Now I remember why they call it the Daily Disappointment.


The headline on today's Journal Sentinel story was promising: Wisconsin candidates' cost-cutting plans don't add up


Finally,it seemed, someone was going to ask the hard questions of the candidates for governor, like a number of people and organizations have been asking for some time.


Like asking the Republicans: "When there is already a $2.5-billion state budget deficit projected, how do you plan to fix that and the $2-billion to $3-billion more you've proposed in tax cuts, mostly for the super rich and corporations? What will you cut?"


That question will have to wait for another day.

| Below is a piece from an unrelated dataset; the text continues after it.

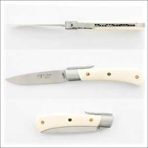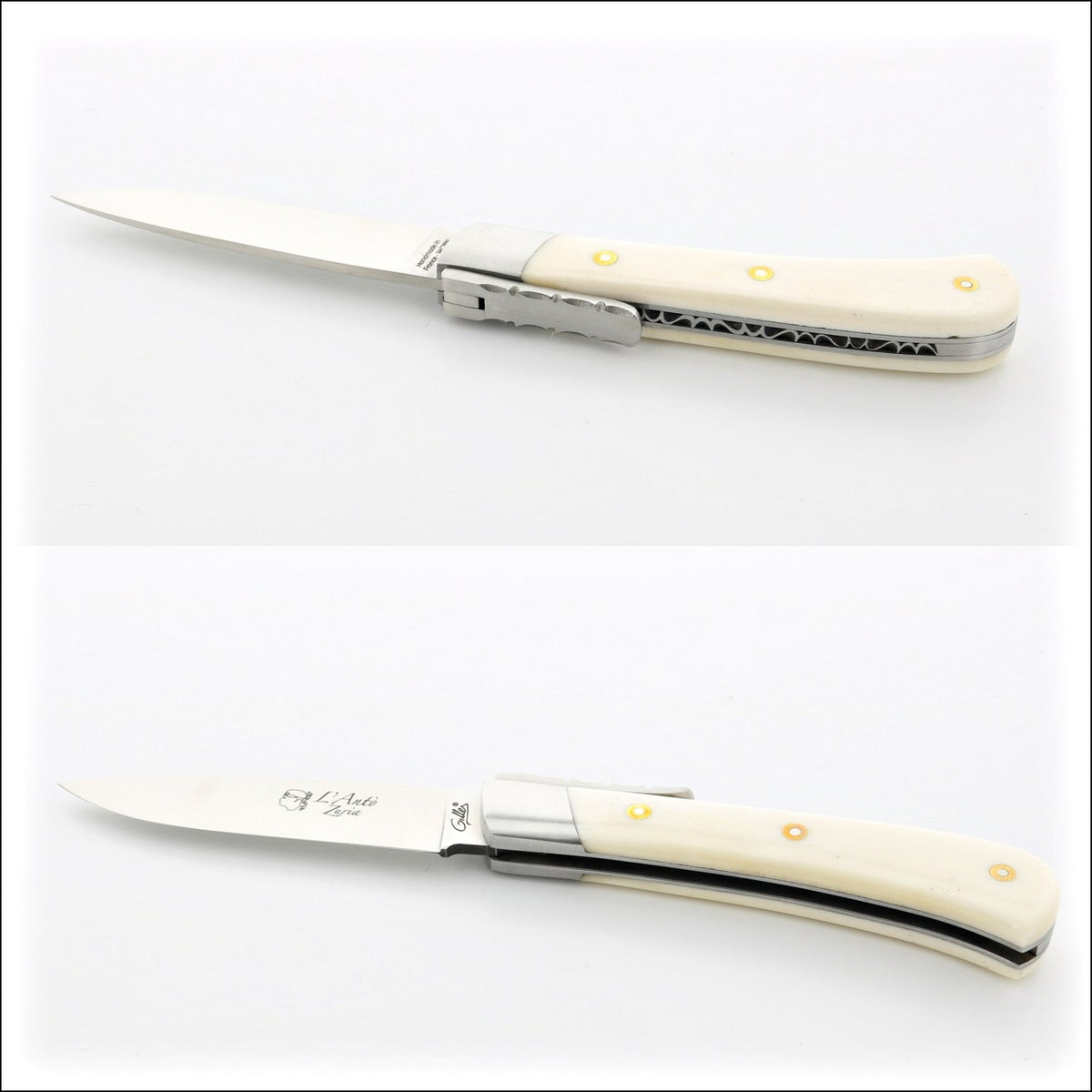 Corsican L' Antò Classic pocket knife by Fontenille Pataud. This EDC features a clever locking blade system located on top of the handle. Easy and comfortable to use, each user will find his or her own way to trigger it. This Corsican knife like all others offered by Fontenille Pataud was created in collaboration with the Zuria family of Bonifacio Corsica.

The JS's Jason Stein either didn't ask or asked the wrong person.


The one who took the brunt of the criticism in the article was the only one who has even tried to offer a detailed, comprehensive plan to balance the budget -- Tom Barrett.


Mark Neumann, who's offered no specifics but says he'll keep state spending under the rate of inflation (magically, apparently) skates by, and the only analysis is by someone from the right-wing think tank, Wisconsin Policy Research Institute.


Scott Walker, who's offered almost nothing in the way of real proposals and has not explained what he'd cut -- except for not filling 4,000 jobs that are already vacant, thereby saving nothing -- barely gets a mention.


If there's a lesson here for candidates, it would seem to be that the less you offer in the way of actual policy proposals, the less criticism you'll get. It pays to keep your mouth shut. (That should serve Senate candidate Ron Johnson well, too, if he can keep his lip zipped.)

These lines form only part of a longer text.